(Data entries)
▶

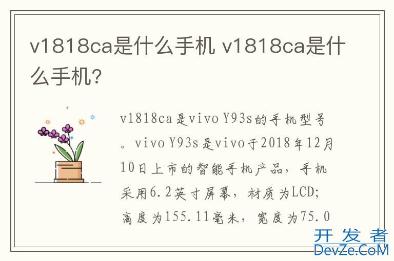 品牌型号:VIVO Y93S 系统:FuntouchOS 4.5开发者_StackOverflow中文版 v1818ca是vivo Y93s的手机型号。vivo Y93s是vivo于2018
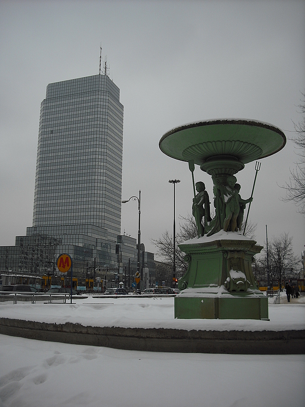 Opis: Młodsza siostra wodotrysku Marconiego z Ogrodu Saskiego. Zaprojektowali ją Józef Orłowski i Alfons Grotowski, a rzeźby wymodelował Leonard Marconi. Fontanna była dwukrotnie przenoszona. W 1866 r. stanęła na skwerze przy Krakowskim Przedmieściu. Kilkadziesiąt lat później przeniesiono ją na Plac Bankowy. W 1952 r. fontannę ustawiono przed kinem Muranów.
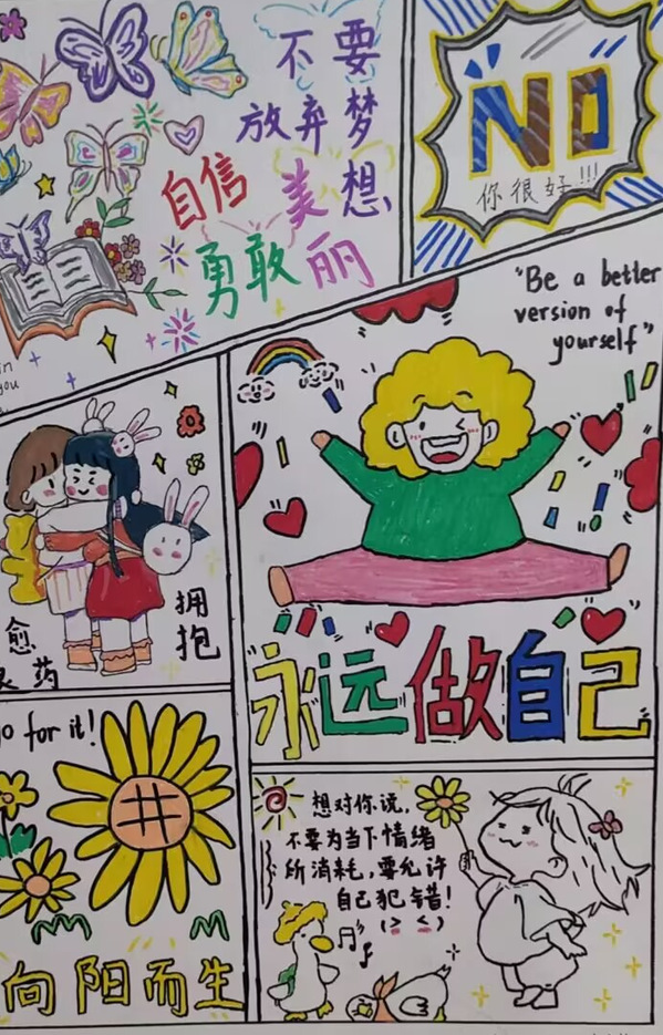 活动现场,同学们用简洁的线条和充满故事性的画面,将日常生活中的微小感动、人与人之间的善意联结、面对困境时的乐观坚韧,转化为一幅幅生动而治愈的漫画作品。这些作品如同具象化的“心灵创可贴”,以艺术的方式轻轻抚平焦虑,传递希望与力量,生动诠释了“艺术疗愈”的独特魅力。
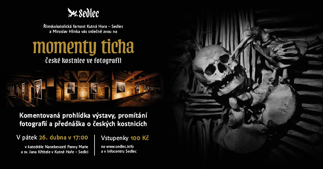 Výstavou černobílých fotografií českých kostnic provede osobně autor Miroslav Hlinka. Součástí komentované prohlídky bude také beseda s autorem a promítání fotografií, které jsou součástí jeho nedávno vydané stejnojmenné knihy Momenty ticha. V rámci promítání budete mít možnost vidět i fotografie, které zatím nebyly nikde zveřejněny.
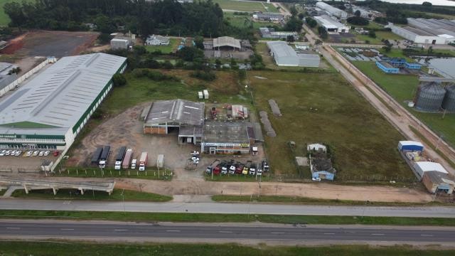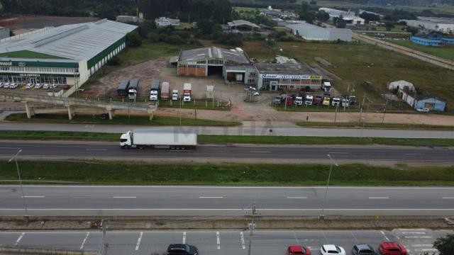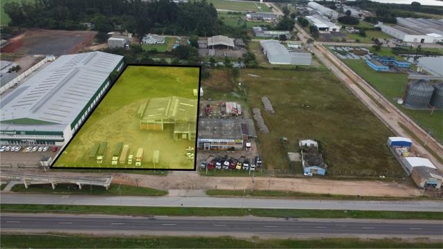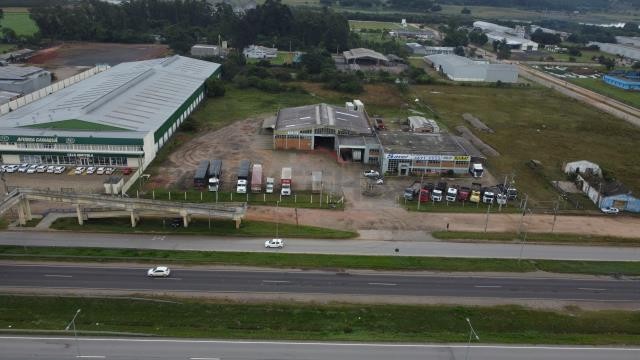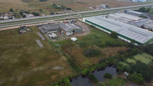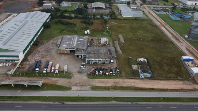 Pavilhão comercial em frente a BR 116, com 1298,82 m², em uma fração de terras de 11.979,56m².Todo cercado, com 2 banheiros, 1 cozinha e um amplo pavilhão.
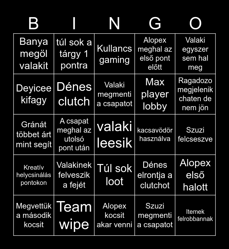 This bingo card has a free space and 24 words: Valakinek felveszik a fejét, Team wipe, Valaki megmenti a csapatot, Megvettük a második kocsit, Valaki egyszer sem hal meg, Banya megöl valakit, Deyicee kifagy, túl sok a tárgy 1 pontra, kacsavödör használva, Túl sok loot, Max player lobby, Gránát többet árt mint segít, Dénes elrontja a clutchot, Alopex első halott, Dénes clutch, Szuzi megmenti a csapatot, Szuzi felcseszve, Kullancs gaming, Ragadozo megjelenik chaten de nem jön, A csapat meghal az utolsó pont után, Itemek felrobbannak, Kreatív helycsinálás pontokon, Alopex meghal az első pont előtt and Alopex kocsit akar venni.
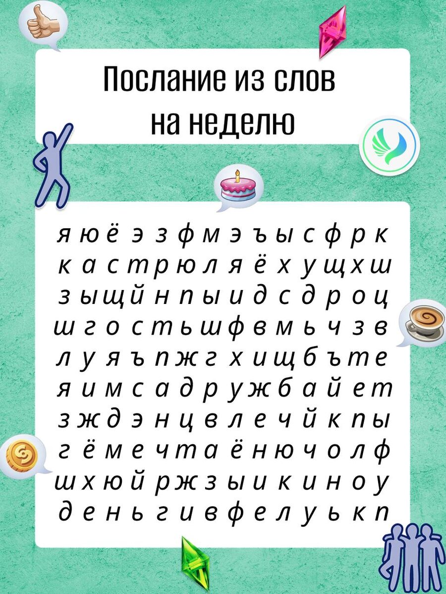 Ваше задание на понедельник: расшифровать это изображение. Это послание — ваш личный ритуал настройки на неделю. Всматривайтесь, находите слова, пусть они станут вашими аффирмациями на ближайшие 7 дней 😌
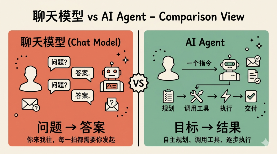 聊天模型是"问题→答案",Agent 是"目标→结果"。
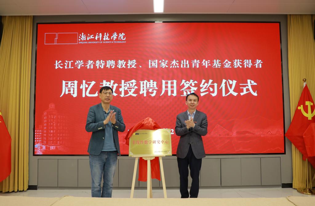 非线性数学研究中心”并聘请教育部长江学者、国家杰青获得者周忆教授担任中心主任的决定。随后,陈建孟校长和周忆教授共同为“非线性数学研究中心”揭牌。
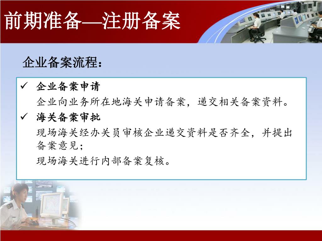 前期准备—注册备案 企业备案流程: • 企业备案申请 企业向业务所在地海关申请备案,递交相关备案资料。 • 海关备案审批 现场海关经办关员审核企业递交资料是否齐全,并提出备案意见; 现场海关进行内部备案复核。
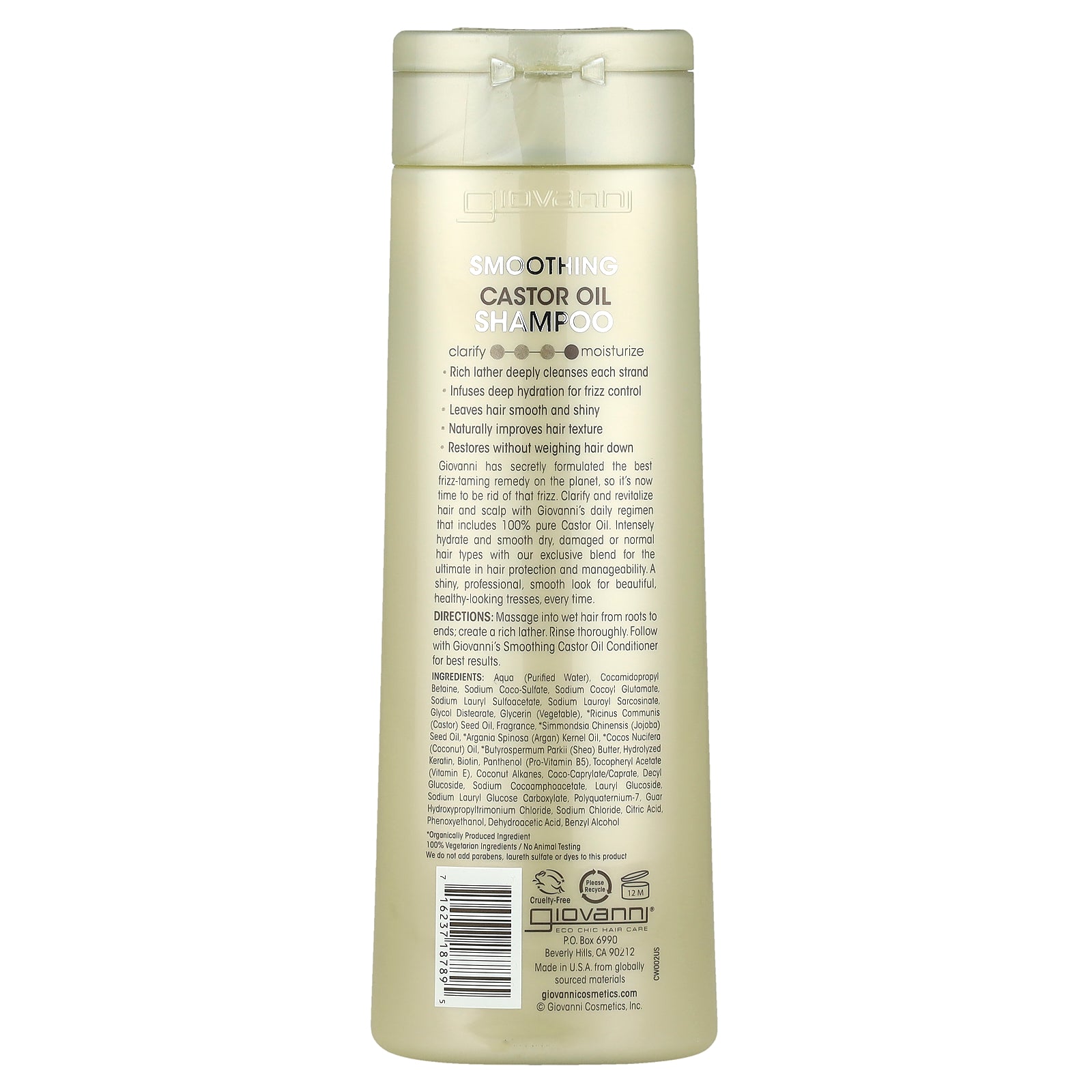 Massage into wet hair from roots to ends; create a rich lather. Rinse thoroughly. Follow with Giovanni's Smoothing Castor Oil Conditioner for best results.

◀

** Directions for this task **
Begin at the first line of the entries and end at the line containing "活动现场,同学们用简洁的线条": write out each line exactly, skipping pictures.

** Solution to this exercise **
 品牌型号:VIVO Y93S 系统:FuntouchOS 4.5开发者_StackOverflow中文版 v1818ca是vivo Y93s的手机型号。vivo Y93s是vivo于2018
 Opis: Młodsza siostra wodotrysku Marconiego z Ogrodu Saskiego. Zaprojektowali ją Józef Orłowski i Alfons Grotowski, a rzeźby wymodelował Leonard Marconi. Fontanna była dwukrotnie przenoszona. W 1866 r. stanęła na skwerze przy Krakowskim Przedmieściu. Kilkadziesiąt lat później przeniesiono ją na Plac Bankowy. W 1952 r. fontannę ustawiono przed kinem Muranów.
 活动现场,同学们用简洁的线条和充满故事性的画面,将日常生活中的微小感动、人与人之间的善意联结、面对困境时的乐观坚韧,转化为一幅幅生动而治愈的漫画作品。这些作品如同具象化的“心灵创可贴”,以艺术的方式轻轻抚平焦虑,传递希望与力量,生动诠释了“艺术疗愈”的独特魅力。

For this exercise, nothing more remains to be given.